__ACTIVITY__:
Your output should consist of the lines from the first line of the records below through the one with "(d) Perform the", exactly, minus the pictures.

(Source data)
:::::

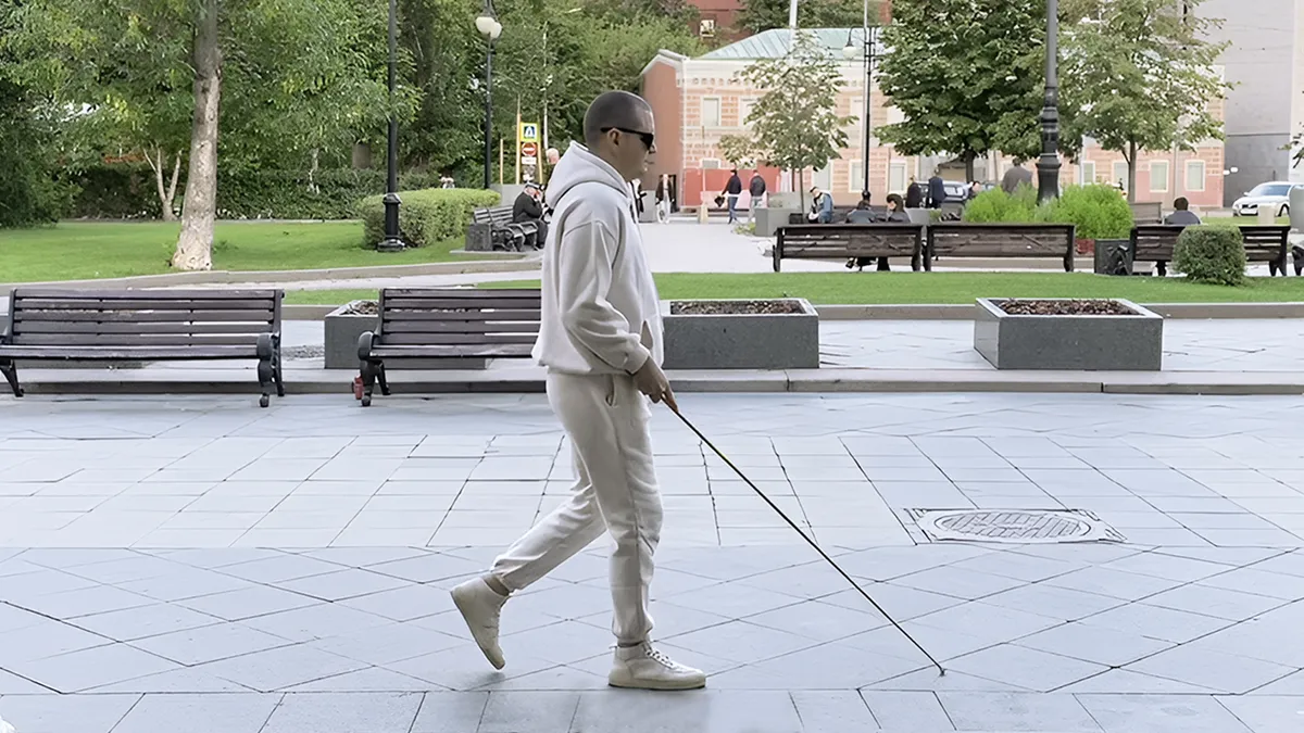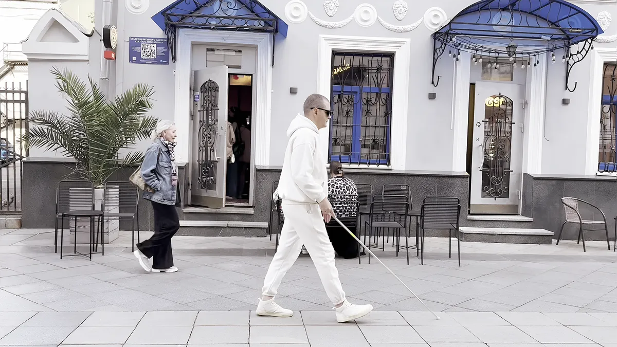 Незрячий мужчина в темных очках с белой тростью в руке идет по улице.
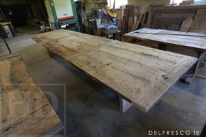 Details: 15 ft Boardroom Table – 48″ wide – 3″ Plank Joists Base with Centre Cavity – Reclaimed Hemlock Barnwood Construction – 2″ Top with Original Barnwood Edges Maintained – Custom Logo Embedded – Greytone Treatment to Preserve Tones of Unfinished – Premium epoxy/high gloss polyurethane finish – Dry On-Site Final Doweling [delivered in three 5′ sections]
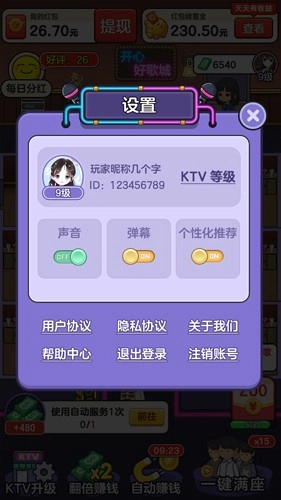 4、红包奖励:完成任务或目标可领红包,用来购买道具、解锁新内容,助力歌厅快速升级。
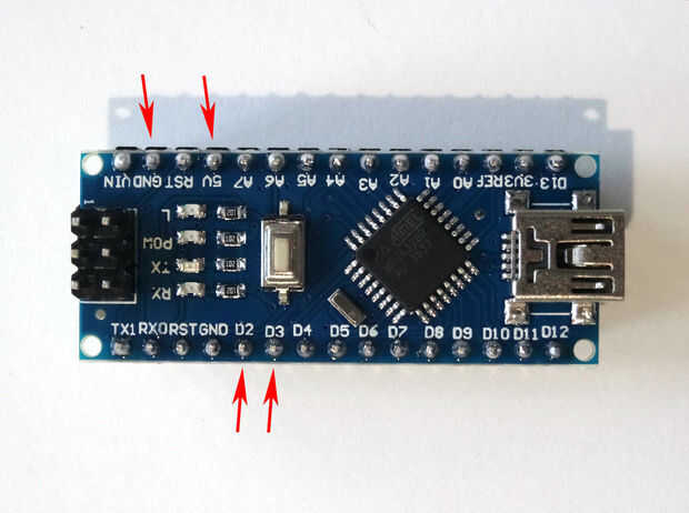 6. Cuadro 4 muestra dónde están la tierra, 5V potencia, Digital pin 2y el pin Digital 3, pines del Arduino Nano
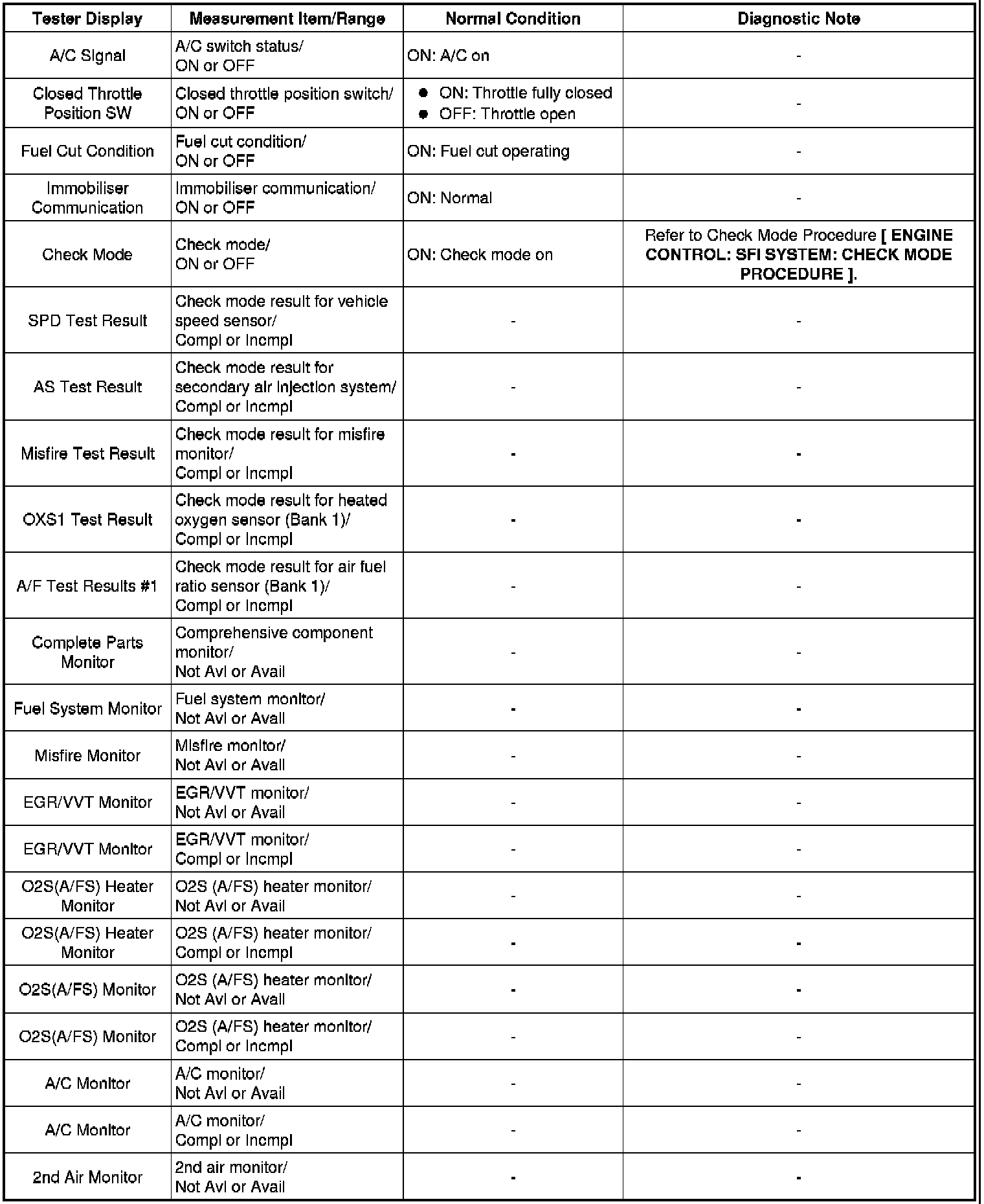 (d) Perform the system check by referring to the table below.
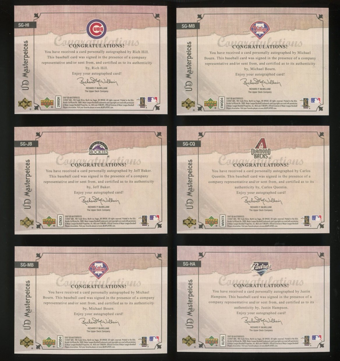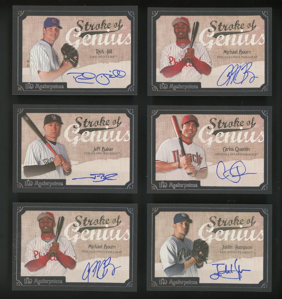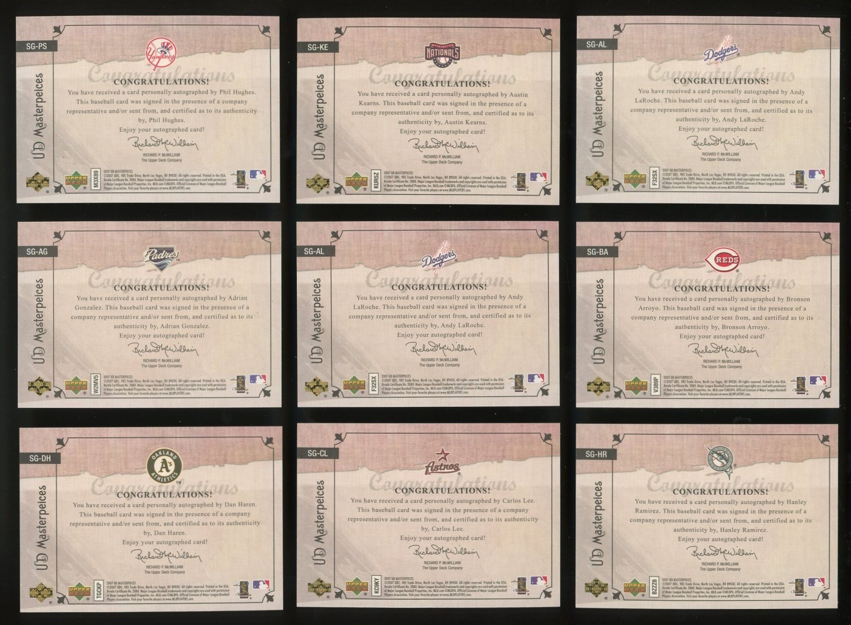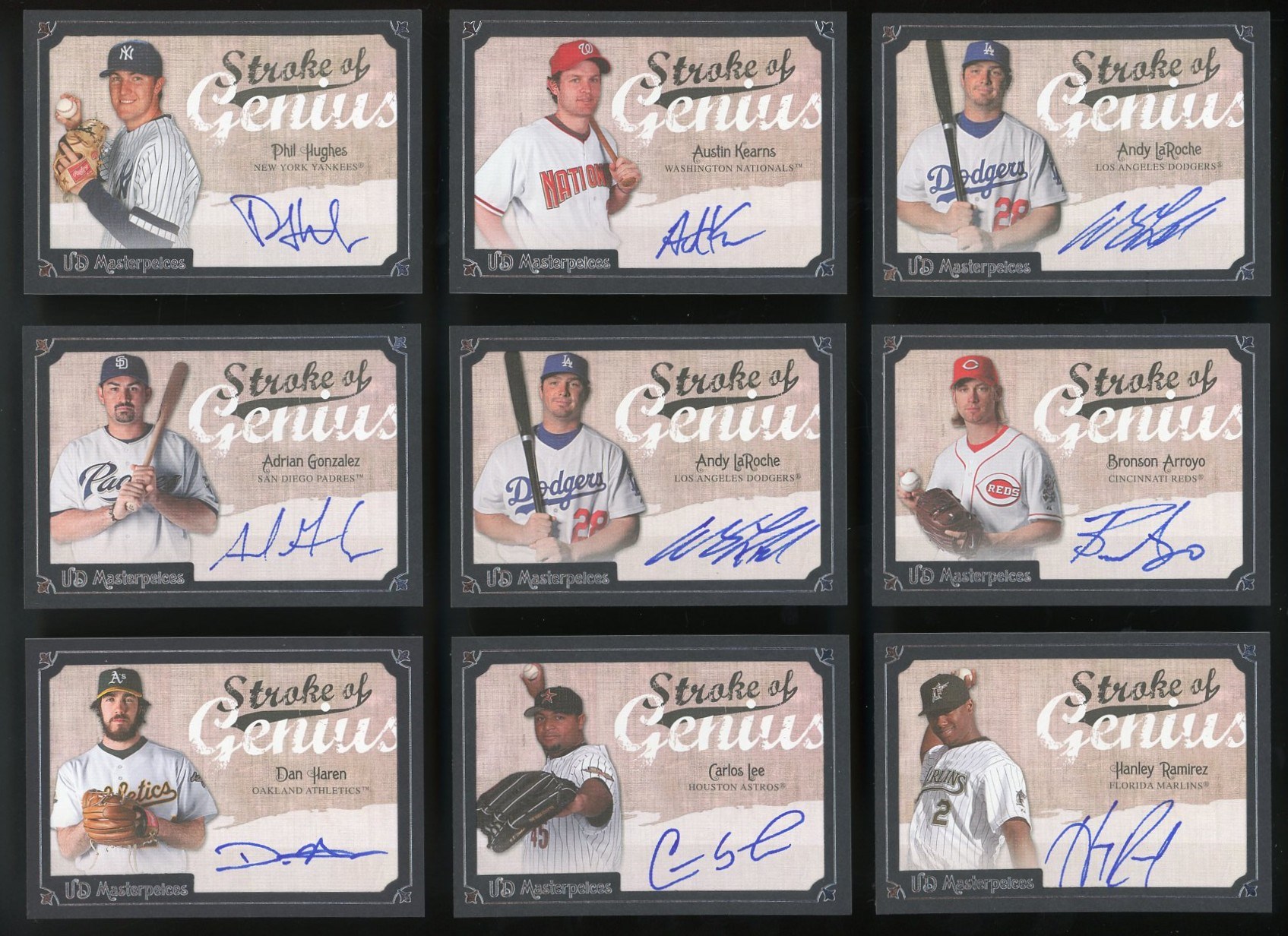 Lot of 15 2007 Upper Deck Masterpieces Strokes of Genius Autographs (2 duplicates) - Starting bid is just $2 per card! Phil Hughes, Austin Kearns, Adrian Gonzalez, Bronson Aroyo, Carlos Lee, Hanley Ramirez, Carlos Quentin and more. There are a couple of duplicates and cards are NM/MT?to Mint.
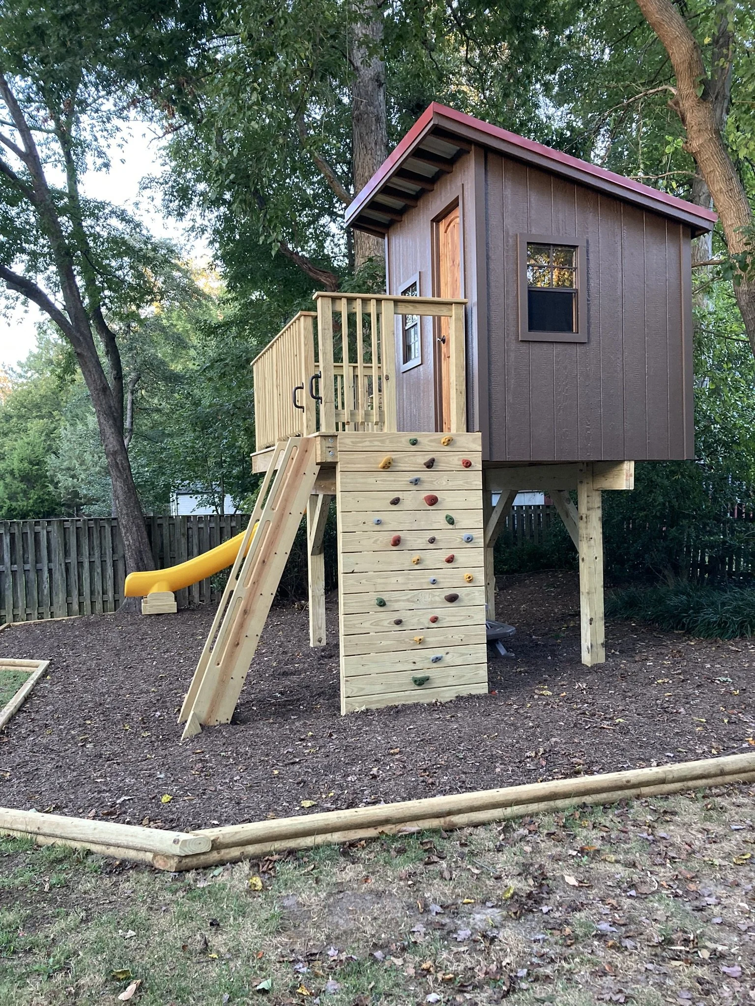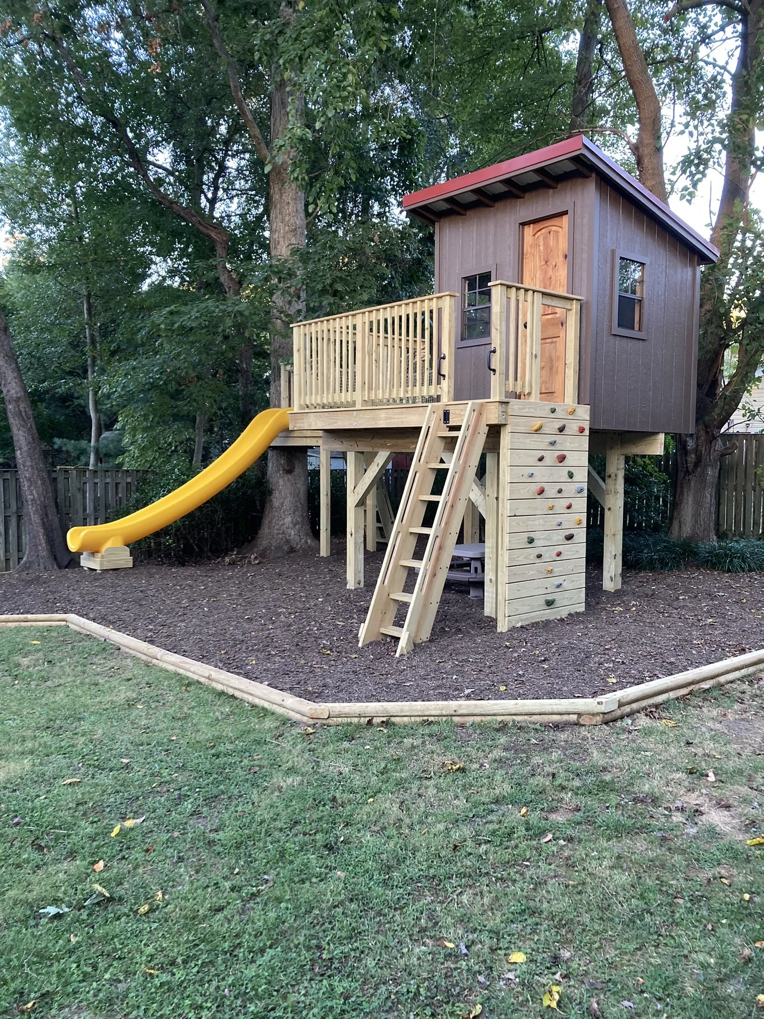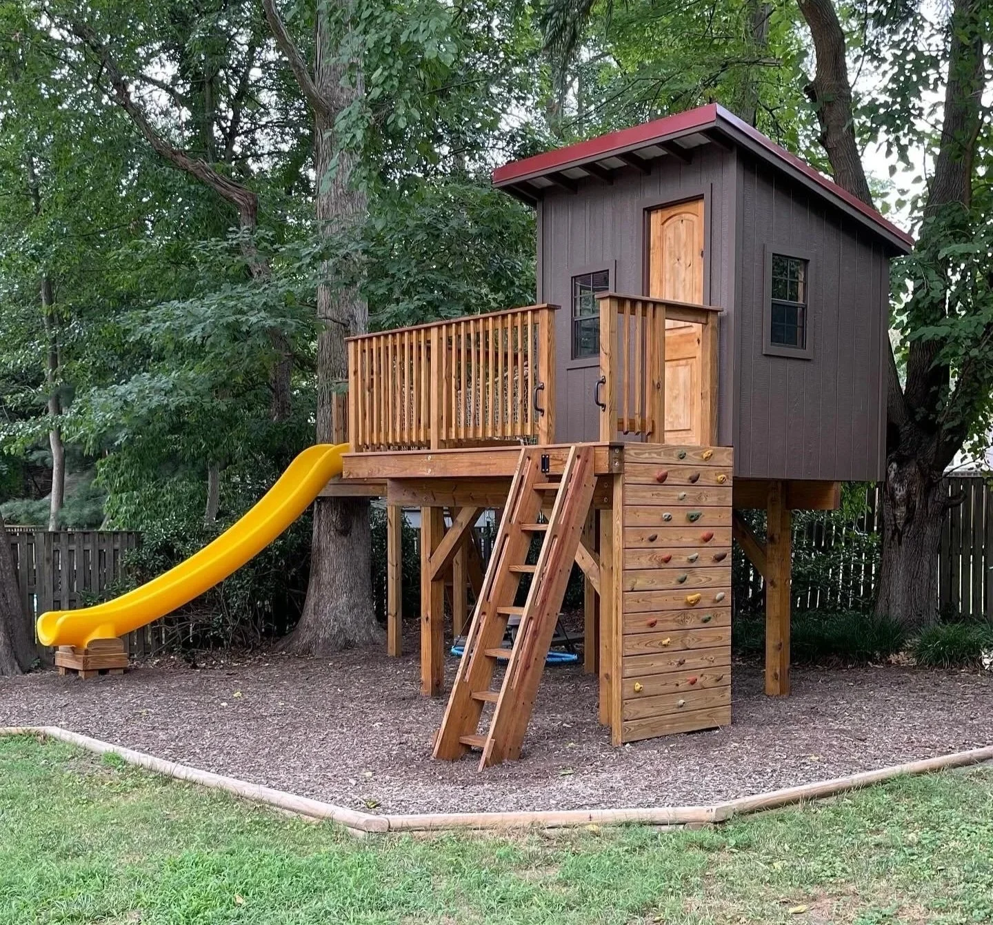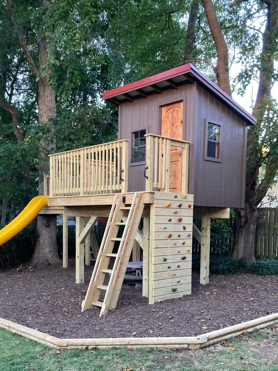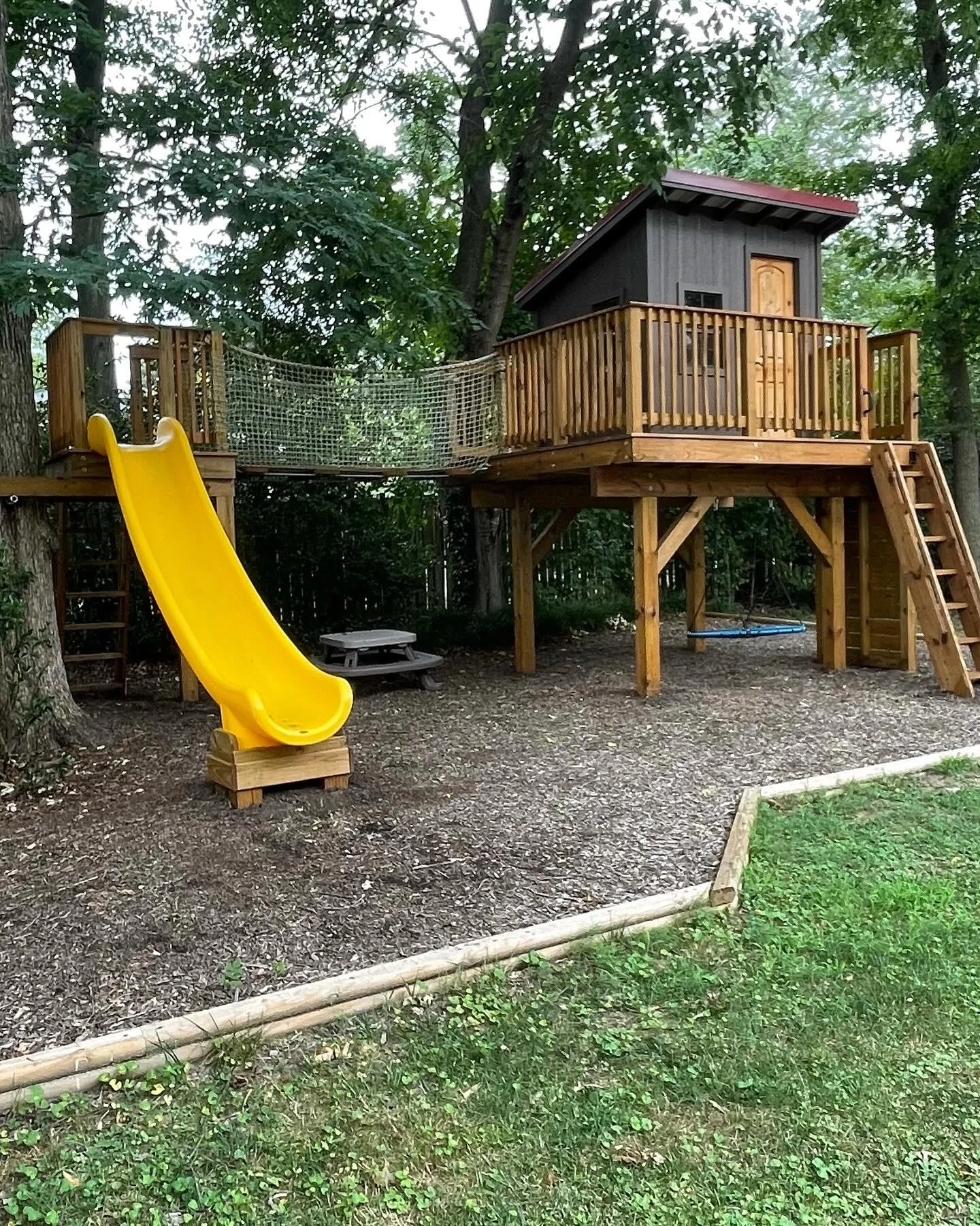 This elevated treehouse features a fully enclosed playhouse with windows and a door, connected to an open deck by a rope bridge. Complete with a bright yellow slide, climbing wall, ladder, and backyard swing, it’s a one-of-a-kind playscape designed for hours of adventure and imaginative play.

:::::

__YOUR SOLUTION__:
 Незрячий мужчина в темных очках с белой тростью в руке идет по улице.
 Details: 15 ft Boardroom Table – 48″ wide – 3″ Plank Joists Base with Centre Cavity – Reclaimed Hemlock Barnwood Construction – 2″ Top with Original Barnwood Edges Maintained – Custom Logo Embedded – Greytone Treatment to Preserve Tones of Unfinished – Premium epoxy/high gloss polyurethane finish – Dry On-Site Final Doweling [delivered in three 5′ sections]
 4、红包奖励:完成任务或目标可领红包,用来购买道具、解锁新内容,助力歌厅快速升级。
 6. Cuadro 4 muestra dónde están la tierra, 5V potencia, Digital pin 2y el pin Digital 3, pines del Arduino Nano
 (d) Perform the system check by referring to the table below.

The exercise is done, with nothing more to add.